• REQUIREMENT
Only the lines below starting at the one containing "黄铜美式椭圆铜果盘收纳盘家居软装样板房家用工艺品摆件果篓" and ending at the one containing "Dolunay Altında Sokak" belong in the answer, each copied exactly.

Top of RECORDS FOR THIS EXERCISE

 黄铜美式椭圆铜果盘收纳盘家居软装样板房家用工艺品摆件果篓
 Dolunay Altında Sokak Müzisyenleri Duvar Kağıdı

Bottom of RECORDS FOR THIS EXERCISE
Top of RECORDS FOR THIS EXERCISE

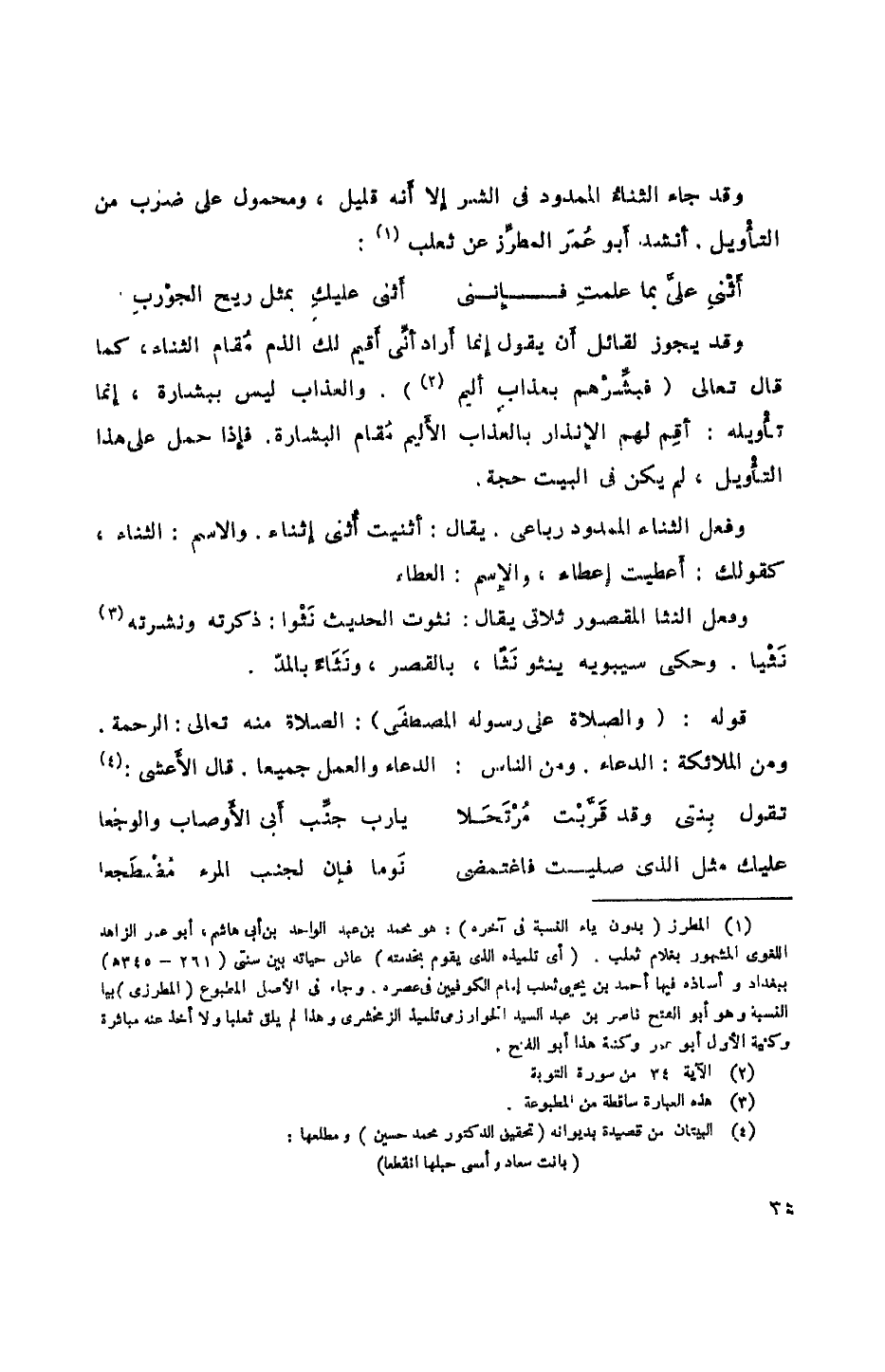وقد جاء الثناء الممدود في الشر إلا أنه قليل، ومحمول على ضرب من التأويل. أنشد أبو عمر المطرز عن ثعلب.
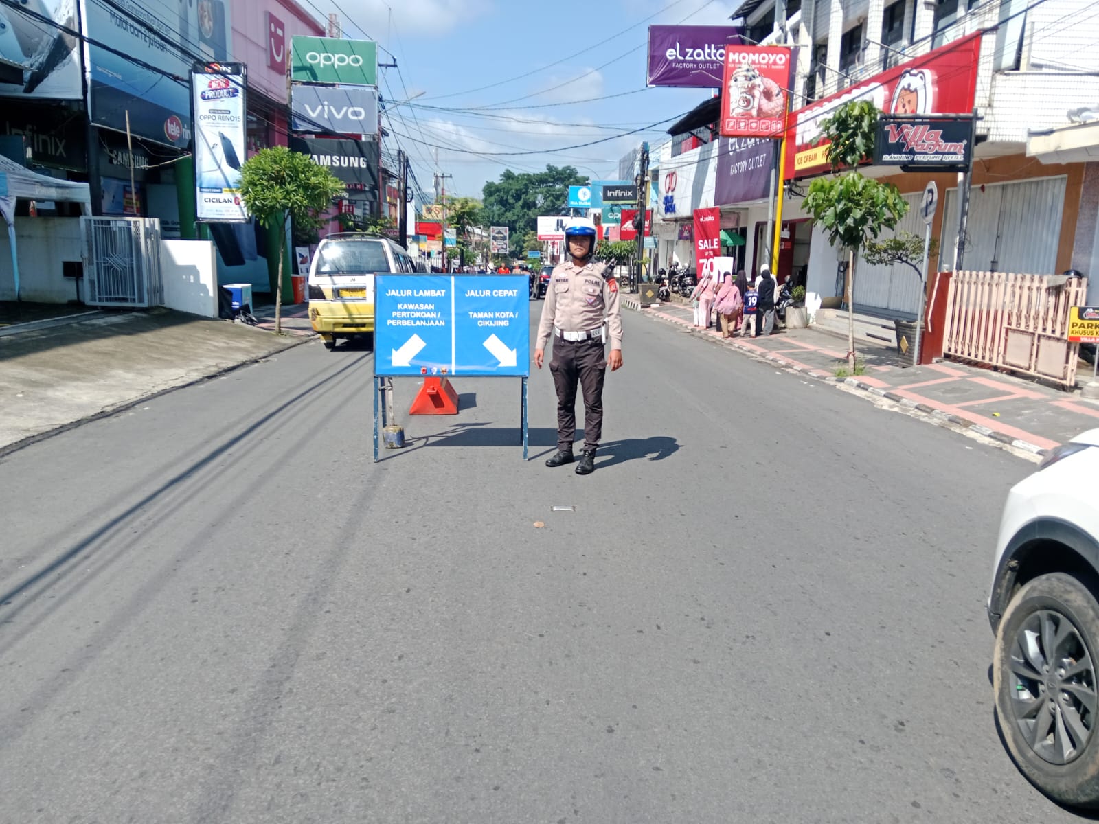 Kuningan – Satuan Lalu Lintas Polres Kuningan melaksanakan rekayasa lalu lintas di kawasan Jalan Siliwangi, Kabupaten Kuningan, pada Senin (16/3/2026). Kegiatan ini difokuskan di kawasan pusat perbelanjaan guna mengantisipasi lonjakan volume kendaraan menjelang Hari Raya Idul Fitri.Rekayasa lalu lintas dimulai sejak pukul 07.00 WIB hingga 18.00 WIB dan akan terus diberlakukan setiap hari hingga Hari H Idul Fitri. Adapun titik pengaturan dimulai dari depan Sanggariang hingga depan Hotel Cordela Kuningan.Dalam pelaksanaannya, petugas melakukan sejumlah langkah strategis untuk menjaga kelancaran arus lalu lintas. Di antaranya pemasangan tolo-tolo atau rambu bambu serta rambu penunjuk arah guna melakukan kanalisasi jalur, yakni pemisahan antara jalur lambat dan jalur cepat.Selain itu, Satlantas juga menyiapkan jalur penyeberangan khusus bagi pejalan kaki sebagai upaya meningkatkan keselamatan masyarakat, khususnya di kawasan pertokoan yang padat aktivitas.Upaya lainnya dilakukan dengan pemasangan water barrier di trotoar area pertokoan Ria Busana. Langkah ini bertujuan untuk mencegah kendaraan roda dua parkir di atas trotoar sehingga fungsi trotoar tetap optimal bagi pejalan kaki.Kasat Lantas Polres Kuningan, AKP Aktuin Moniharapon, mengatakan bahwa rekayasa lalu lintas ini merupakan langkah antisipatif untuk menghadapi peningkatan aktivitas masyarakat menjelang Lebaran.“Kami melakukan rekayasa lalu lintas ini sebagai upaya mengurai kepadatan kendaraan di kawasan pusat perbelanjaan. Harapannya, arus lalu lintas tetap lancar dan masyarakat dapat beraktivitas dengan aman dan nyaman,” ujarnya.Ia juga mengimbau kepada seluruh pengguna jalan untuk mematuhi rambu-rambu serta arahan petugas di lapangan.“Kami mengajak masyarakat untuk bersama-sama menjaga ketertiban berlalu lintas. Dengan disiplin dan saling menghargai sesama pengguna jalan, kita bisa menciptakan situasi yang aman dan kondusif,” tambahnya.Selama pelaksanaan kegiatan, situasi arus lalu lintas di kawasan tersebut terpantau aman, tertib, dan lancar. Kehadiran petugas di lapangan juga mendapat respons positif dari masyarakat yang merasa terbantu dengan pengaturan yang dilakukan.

Bottom of RECORDS FOR THIS EXERCISE

• EXERCISE OUTPUT
 黄铜美式椭圆铜果盘收纳盘家居软装样板房家用工艺品摆件果篓
 Dolunay Altında Sokak Müzisyenleri Duvar Kağıdı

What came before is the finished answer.